Homeless on the Increase in Torrevieja?
What is it like to be homeless? Where do they live? How many are there? Many questions about a world which has always existed but was largely hidden from view. Numbers were low and the homeless were largely made up of drifters, layabouts and addicts. Now However? Things are changing and we see many more beggars, men, women and even children collecting ‘chattarra’ (scrap-metal, paper, cardboard, larger plastic items). A scruffy looking lot, smelly with it.
But think, how desperate must they be to walk around for many hours searching through bins full of stinking rubbish, pushing heavy laden carts uphill – and for what? For a pittance! On a good day maybe 3, 4, 5 Euros, on a bad day 70, 80, 90 cents. So many of them now walking our streets, there is not enough to go around anymore, even in our throw-away society.

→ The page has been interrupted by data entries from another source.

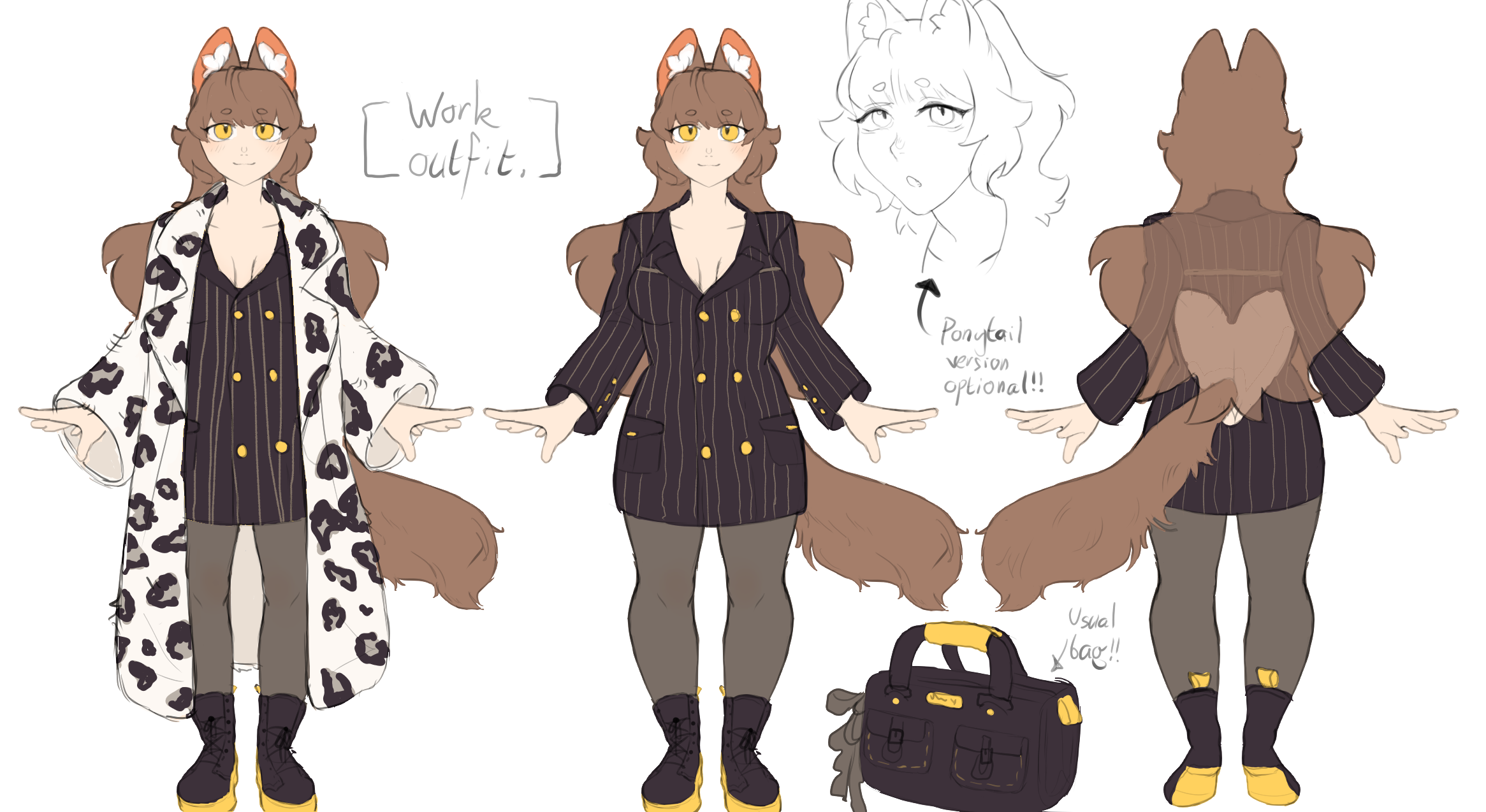 - She naturally has wavy hair, but many of her jobs require her to straighten it out at least somewhat. She does take really good care of her hair and fur though, and wears her natural hair when she gets to spend a lazy day in.
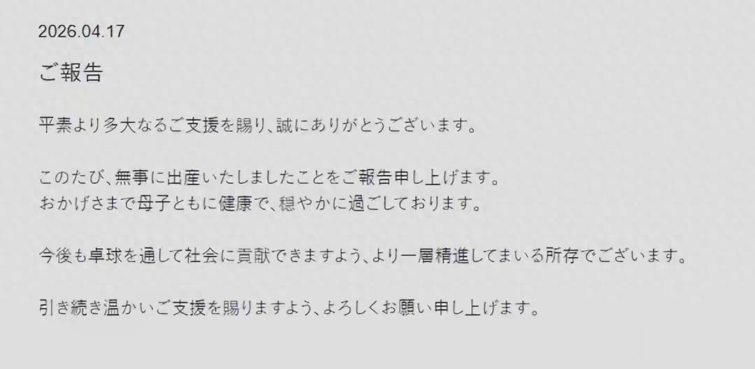 4月17日,已经生产有一段时间的福原爱,更新社交媒体动态,宣布三胎孩子出生,透露母子平安,目前状况良好,已经投入到工作状态。
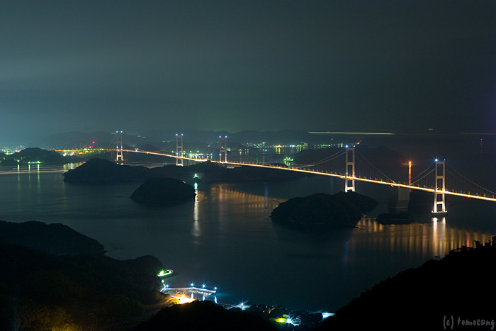 西瀬戸自動車道(通称:瀬戸内しまなみ海道)と山陽自動車道は繋がっていない為、福山西ICで一度一般道に下ります。ついでなので、食事を調達しようとコンビニを探すけど尾道バイパス沿いには全く無い。しまなみ海道への分岐点を通過して探し続けるけど店自体が一軒も無い。「市街地」の方向に行けばあるだろうと、道路標識を頼りにバイパスを反れ、気が付けば新幹線の新尾道駅付近に。そこをさらに通過した所で一軒の7-11を発見。晩飯用弁当と朝飯用パン&コーヒーをゲット!来た道を戻り、やっとしまなみ海道突入。
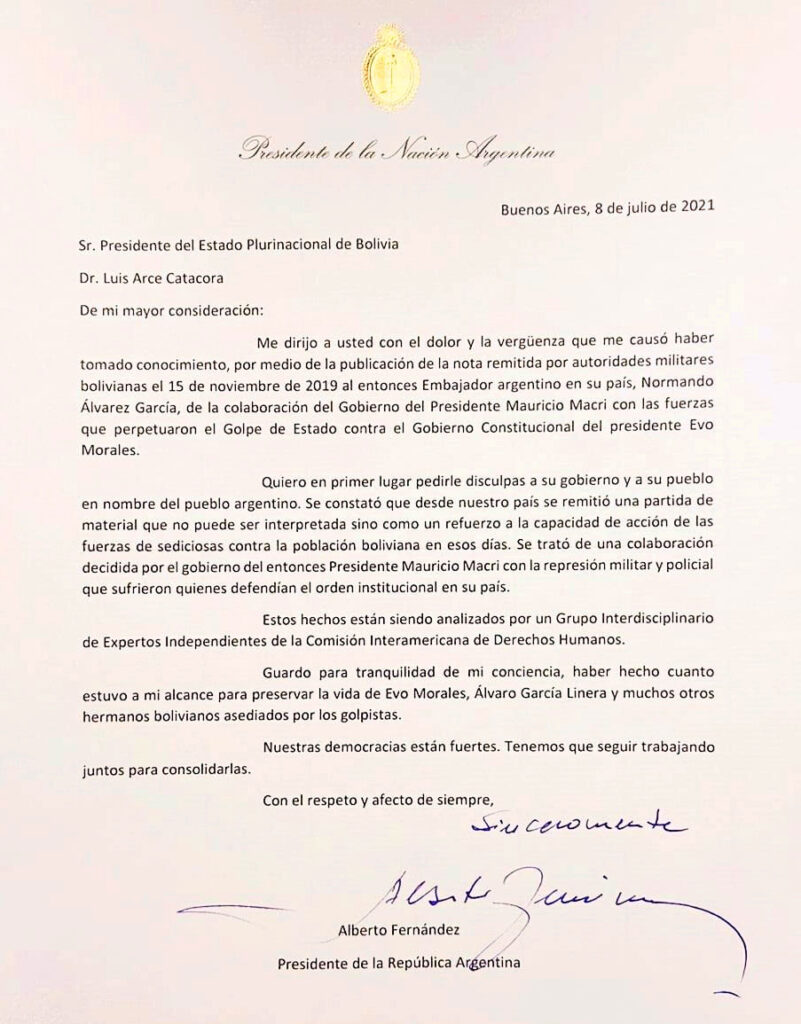 El presidente argentino, Alberto Fernández, mediante una carta enviada a su homólogo, Luis Arce, pidió disculpas en nombre de su país, luego de conocer la noticia de la participación del gobierno del exmandatario Mauricio Macri en el supuesto ‘golpe de Estado’ en Bolivia, en noviembre de 2019.
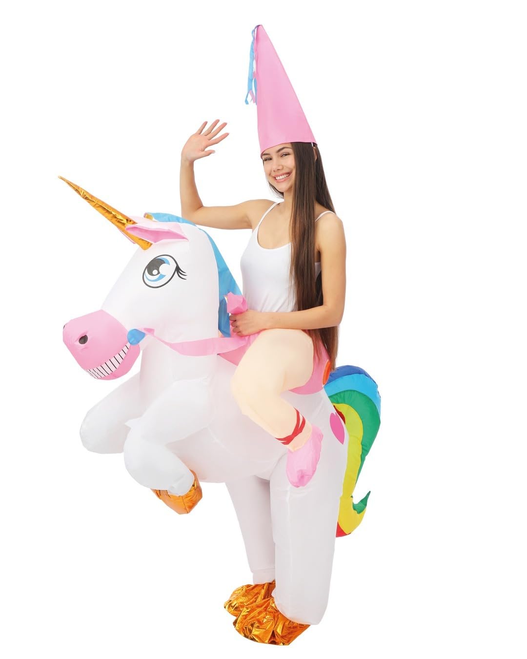 Ce déguisement gonflable pour adulte crée un effet visuel “assis sur la licorne” immédiatement reconnaissable. Il convient pour les fêtes, carnavals, soirées déguisées et animations où l’on veut un costume amusant et facile à repérer. Le gonflage se fait en quelques secondes avec le ventilateur inclus, alimenté par 4 piles AA non fournies.
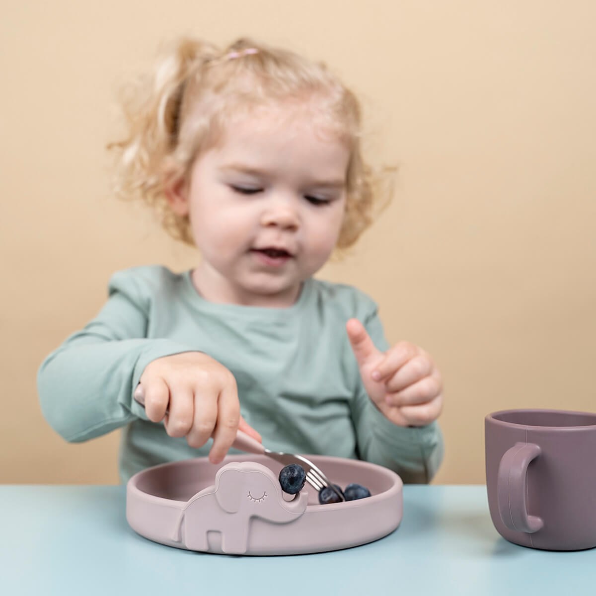 Eating with small children can quickly become messy, but with the Elphee silicone placemat, the table stays clean and mealtimes relaxed. The raised edges at the sides and back catch spillages and food, while the narrow front edge ensures that nothing slips away. Made from 100% food-safe, BPA-free silicone, it is not only safe for your child, but also super easy to clean - simply wipe clean or put in the dishwasher. The cute Elphee motif with little footprints also makes the placemat a delightful eye-catcher and ensures that your child always discovers something new at mealtimes.Features:Age: 0+Material: 100% food-safe siliconeDimensions: 40 x 28 x H 5 cmCare instructions: Dishwasher safe up to 100°C. Microwave safe. Temperature resistant: -40°C to 230°CScope of delivery: Done by Deer silicone placemat with high rim

The pickings are getting less and less, it’s getting harder to get enough money for even the basic food. Candles, detergent to wash what little clothes they have, medicine, even simple painkillers, sticky plasters are all luxury items, this list goes on and on. But – don’t they all smoke? Drink alcohol?
Yes, most do, mostly the tobacco is collected from thrown away cigarette ends, only on a very good day can they buy a packet of a cheap cut.

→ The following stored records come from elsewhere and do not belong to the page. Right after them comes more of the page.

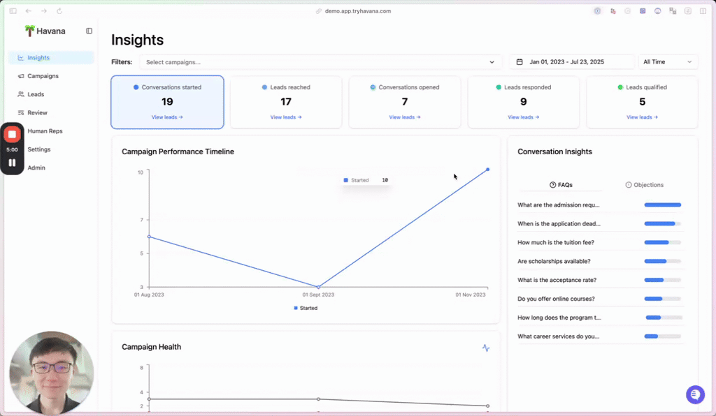 ## プロダクト概要 ハバナは、高等教育機関向けに開発されたAI学生リクルーターです。電話やメールを通じて、教育機関がより多くのリードを効率的に転換する手助けをします。 ## 主な特徴 -...
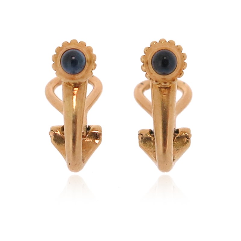 A pair of sapphire and diamond clip earrings by Cartier, set with cabochon sapphires with gold pellet borders, signed Cartier, inventory number 164367, French import marks, maker's mark SCA, 1.5cm high
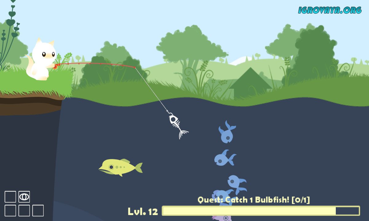 События игры происходят на не очень обычном водоеме, куда вы и отправитесь в роли котика. Цель проста – нужно наловить как можно больше рыбы. Но не думайте, что придется просто сидеть и ловить рыбу, выжидая, пока она клюнет. здесь все в разы интереснее. Тут вам придется наблюдать за снастями даже глубоко под водой, изучать поведение разных пород рыб, и не только.
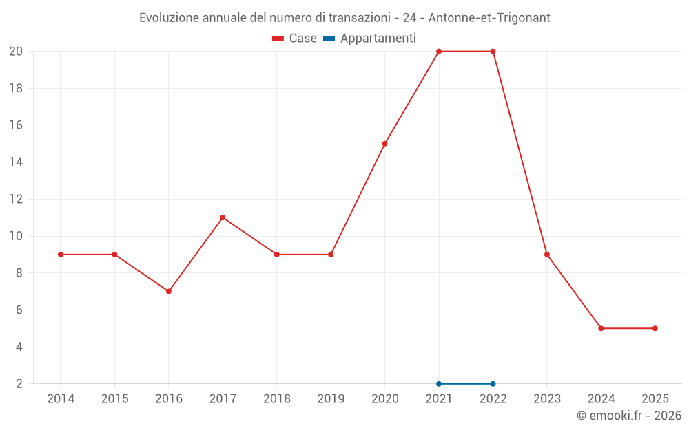 Il prezzo mediano sulle 15 transazioni di case degli ultimi 24 mesi nel comune di Antonne-et-Trigonant era di 1 500 € al metro quadrato per un valore patrimoniale mediano di 132 000 €. In questo periodo il 60% delle transazioni era tra 1 179 e 1 968 € al metro quadrato (dal 2° all'8° decile).

All these men and now more and more women amongst them have once known some home comfort and earned decent wages. Many of them are from Ex-Soviet Union countries and they came here after being set free from the oppression of Communism in search for a better life and found it. Until the recession hit! These people were amongst the first to experience the economic down-turn, not having been given works contracts, not having any rights, being thrown onto the scrap heap of society. What must they feel, what must they think, how do they numb the thoughts? By drinking cheap booze, very cheap booze, how else can they cope with long and cold nights spent in a park, in a ruin, in a disused building site (I have visited many of them in these places).
What we can do for them is so very little, stretch out the hand of friendship, offer a breakfast, some hot food, give them a hug when we feel they need one, give them clean and decent clothing, and some other basic necessities, whatever we have to give, offer a hot shower and buy medicine when needed. They all are in desperate need of dental treatment, many need glasses or medical attention, not a lot we can do, there are so many. We see up to 60 every day at the centre, so many heartbreaking stories, all different, yet all similar.
There are many more living in dire circumstances and this year we have already seen a sharp increase in the number of homeless or semi-homeless (squatting in empty buildings) as more and more people are due to be evicted from their homes.
The worst thing is that there will be families with children amongst them.